** Opening Available records block **

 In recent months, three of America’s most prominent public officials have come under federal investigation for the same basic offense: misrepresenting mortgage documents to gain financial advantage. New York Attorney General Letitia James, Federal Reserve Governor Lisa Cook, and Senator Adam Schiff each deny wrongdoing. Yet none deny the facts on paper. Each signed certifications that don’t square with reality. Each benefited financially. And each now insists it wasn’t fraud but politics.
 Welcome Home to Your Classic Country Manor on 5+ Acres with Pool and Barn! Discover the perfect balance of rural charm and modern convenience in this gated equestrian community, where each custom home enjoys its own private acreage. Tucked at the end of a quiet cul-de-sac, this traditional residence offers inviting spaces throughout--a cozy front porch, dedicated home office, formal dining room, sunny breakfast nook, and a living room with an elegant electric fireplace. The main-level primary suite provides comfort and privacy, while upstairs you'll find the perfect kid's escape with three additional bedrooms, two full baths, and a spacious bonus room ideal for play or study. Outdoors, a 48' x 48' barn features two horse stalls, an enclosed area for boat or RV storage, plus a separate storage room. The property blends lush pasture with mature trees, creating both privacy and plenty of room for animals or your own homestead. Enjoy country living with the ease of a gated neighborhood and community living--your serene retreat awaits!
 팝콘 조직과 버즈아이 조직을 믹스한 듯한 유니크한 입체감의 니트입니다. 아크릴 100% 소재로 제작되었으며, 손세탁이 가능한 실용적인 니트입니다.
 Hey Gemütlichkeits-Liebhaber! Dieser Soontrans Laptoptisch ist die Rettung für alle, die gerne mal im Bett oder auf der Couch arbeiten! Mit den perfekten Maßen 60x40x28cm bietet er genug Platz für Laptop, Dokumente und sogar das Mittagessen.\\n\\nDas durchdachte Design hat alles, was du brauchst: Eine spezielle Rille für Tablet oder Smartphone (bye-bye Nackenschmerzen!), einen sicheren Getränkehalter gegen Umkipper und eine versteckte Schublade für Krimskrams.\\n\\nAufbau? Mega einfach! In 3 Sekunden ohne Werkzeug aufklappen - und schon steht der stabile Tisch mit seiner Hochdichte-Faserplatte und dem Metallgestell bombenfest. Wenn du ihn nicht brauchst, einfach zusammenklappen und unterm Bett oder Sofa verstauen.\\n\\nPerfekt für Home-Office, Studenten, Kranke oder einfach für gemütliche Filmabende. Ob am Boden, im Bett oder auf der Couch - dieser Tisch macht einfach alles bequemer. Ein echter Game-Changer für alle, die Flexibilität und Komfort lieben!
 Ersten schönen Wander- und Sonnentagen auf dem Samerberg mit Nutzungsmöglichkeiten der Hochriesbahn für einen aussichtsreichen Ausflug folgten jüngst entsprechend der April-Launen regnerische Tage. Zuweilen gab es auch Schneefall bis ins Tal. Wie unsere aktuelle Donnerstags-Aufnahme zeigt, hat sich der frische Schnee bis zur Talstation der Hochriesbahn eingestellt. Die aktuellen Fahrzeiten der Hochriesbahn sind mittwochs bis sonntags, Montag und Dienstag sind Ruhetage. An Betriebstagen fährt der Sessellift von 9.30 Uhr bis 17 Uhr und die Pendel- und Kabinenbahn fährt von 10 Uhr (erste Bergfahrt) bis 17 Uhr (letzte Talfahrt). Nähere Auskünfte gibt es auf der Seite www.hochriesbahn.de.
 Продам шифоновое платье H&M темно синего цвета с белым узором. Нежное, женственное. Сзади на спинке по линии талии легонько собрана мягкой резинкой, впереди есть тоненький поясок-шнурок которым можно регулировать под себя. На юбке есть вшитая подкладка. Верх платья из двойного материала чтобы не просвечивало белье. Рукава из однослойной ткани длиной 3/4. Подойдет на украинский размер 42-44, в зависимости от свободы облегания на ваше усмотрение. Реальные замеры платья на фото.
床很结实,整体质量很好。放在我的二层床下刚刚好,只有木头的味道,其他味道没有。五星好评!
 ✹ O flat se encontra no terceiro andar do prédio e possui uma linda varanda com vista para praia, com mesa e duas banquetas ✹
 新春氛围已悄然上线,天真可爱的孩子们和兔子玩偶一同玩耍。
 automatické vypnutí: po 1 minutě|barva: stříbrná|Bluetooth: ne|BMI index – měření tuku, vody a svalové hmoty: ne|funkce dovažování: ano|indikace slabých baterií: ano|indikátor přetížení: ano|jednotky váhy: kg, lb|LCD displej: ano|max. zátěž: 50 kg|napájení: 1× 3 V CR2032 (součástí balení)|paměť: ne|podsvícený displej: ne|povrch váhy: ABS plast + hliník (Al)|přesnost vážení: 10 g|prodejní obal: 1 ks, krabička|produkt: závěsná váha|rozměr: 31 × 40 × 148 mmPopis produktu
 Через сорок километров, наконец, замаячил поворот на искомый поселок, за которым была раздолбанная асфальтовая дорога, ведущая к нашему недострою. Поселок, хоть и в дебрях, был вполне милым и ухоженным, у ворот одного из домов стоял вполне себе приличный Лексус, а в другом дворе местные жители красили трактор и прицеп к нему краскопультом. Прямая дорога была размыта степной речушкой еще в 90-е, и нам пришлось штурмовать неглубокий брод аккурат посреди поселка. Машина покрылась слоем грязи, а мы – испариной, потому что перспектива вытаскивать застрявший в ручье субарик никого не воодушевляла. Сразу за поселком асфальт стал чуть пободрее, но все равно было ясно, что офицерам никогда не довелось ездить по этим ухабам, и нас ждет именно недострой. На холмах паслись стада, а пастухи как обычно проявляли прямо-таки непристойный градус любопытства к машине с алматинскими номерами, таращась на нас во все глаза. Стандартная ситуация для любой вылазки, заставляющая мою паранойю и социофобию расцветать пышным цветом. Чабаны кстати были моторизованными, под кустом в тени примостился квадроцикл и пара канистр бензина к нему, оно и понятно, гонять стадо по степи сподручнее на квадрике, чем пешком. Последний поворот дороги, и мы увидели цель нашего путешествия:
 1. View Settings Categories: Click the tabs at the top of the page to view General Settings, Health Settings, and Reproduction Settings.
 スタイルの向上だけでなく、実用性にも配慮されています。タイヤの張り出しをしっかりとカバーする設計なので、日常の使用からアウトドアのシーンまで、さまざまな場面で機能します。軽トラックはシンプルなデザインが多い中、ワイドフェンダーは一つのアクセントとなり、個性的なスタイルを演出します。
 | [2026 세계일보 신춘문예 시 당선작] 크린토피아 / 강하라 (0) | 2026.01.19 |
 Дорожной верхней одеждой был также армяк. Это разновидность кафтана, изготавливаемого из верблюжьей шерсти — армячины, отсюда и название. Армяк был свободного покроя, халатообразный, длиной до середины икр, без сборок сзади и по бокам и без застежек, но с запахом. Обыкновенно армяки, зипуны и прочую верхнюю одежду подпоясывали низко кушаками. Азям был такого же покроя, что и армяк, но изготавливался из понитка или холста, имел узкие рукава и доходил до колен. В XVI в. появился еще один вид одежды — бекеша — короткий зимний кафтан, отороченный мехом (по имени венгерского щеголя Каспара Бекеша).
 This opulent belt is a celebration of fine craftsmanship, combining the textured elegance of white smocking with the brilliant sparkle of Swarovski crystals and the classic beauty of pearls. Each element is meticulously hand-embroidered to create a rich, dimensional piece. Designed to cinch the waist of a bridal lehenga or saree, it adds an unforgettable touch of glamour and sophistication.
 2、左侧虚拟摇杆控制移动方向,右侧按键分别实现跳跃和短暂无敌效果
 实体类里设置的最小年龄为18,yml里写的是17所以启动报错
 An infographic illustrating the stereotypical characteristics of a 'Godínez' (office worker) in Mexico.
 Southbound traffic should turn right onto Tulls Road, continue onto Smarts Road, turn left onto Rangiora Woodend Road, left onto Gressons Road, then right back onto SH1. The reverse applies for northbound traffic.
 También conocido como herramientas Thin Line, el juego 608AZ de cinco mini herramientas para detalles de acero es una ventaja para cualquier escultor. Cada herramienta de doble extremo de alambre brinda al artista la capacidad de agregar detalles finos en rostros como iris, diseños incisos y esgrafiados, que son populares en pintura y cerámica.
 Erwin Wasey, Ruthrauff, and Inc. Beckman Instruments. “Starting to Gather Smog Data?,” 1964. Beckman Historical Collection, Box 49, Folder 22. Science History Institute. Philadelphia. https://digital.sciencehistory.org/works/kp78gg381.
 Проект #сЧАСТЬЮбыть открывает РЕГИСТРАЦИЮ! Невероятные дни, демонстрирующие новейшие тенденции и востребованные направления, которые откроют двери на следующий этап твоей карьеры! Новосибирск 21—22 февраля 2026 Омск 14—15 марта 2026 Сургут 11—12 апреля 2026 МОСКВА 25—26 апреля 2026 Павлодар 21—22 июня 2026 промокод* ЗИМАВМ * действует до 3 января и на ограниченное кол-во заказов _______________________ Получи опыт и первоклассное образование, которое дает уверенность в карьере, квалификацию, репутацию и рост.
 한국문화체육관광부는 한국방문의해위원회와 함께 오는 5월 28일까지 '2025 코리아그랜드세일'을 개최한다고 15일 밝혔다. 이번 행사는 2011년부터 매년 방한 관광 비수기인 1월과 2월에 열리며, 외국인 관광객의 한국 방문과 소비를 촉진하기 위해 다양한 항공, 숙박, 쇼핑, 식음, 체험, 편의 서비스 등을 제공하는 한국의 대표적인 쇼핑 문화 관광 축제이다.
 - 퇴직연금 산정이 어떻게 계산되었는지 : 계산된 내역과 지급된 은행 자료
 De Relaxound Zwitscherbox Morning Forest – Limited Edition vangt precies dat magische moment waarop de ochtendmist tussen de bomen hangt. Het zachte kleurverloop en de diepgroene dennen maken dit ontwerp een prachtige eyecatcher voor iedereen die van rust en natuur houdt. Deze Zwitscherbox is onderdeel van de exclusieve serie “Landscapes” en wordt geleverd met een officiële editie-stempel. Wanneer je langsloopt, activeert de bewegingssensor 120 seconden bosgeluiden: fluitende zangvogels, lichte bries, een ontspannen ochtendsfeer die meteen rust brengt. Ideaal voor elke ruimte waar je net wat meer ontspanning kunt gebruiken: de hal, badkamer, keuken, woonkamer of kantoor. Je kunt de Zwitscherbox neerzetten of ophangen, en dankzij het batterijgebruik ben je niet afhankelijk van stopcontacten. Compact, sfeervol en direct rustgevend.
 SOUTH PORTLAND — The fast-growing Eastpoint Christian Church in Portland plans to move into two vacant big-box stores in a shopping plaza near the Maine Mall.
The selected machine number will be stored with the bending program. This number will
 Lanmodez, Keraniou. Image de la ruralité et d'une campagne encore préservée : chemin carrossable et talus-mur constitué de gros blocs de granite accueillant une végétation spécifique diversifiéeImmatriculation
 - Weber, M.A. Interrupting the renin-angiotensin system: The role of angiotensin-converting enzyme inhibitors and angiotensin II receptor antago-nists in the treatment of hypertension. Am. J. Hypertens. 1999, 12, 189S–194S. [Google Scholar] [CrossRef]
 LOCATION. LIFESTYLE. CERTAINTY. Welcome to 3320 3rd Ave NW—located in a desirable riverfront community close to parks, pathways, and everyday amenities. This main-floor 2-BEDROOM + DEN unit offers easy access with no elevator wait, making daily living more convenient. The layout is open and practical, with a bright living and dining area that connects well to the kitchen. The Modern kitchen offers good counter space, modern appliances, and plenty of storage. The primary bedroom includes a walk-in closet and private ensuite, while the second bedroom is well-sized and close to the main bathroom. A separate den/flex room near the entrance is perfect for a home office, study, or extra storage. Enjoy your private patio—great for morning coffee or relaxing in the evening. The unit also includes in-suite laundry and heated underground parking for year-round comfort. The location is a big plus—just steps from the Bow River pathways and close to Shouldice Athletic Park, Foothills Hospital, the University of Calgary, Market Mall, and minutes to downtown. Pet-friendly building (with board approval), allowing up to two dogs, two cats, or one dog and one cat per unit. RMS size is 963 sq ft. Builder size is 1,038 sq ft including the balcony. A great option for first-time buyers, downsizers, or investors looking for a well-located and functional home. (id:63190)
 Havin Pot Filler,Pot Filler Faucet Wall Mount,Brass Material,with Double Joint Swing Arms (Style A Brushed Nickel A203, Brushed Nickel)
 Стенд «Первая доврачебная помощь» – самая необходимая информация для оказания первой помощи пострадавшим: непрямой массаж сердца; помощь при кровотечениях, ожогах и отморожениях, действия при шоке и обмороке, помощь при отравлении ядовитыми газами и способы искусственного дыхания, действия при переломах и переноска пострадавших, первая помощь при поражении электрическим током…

** Closing Available records block **

## Your assignment
In the entries above, take the line containing "- Weber, M.A." and each later line through the last, and repeat them exactly. Output nothing else.

## Response
 - Weber, M.A. Interrupting the renin-angiotensin system: The role of angiotensin-converting enzyme inhibitors and angiotensin II receptor antago-nists in the treatment of hypertension. Am. J. Hypertens. 1999, 12, 189S–194S. [Google Scholar] [CrossRef]
 LOCATION. LIFESTYLE. CERTAINTY. Welcome to 3320 3rd Ave NW—located in a desirable riverfront community close to parks, pathways, and everyday amenities. This main-floor 2-BEDROOM + DEN unit offers easy access with no elevator wait, making daily living more convenient. The layout is open and practical, with a bright living and dining area that connects well to the kitchen. The Modern kitchen offers good counter space, modern appliances, and plenty of storage. The primary bedroom includes a walk-in closet and private ensuite, while the second bedroom is well-sized and close to the main bathroom. A separate den/flex room near the entrance is perfect for a home office, study, or extra storage. Enjoy your private patio—great for morning coffee or relaxing in the evening. The unit also includes in-suite laundry and heated underground parking for year-round comfort. The location is a big plus—just steps from the Bow River pathways and close to Shouldice Athletic Park, Foothills Hospital, the University of Calgary, Market Mall, and minutes to downtown. Pet-friendly building (with board approval), allowing up to two dogs, two cats, or one dog and one cat per unit. RMS size is 963 sq ft. Builder size is 1,038 sq ft including the balcony. A great option for first-time buyers, downsizers, or investors looking for a well-located and functional home. (id:63190)
 Havin Pot Filler,Pot Filler Faucet Wall Mount,Brass Material,with Double Joint Swing Arms (Style A Brushed Nickel A203, Brushed Nickel)
 Стенд «Первая доврачебная помощь» – самая необходимая информация для оказания первой помощи пострадавшим: непрямой массаж сердца; помощь при кровотечениях, ожогах и отморожениях, действия при шоке и обмороке, помощь при отравлении ядовитыми газами и способы искусственного дыхания, действия при переломах и переноска пострадавших, первая помощь при поражении электрическим током…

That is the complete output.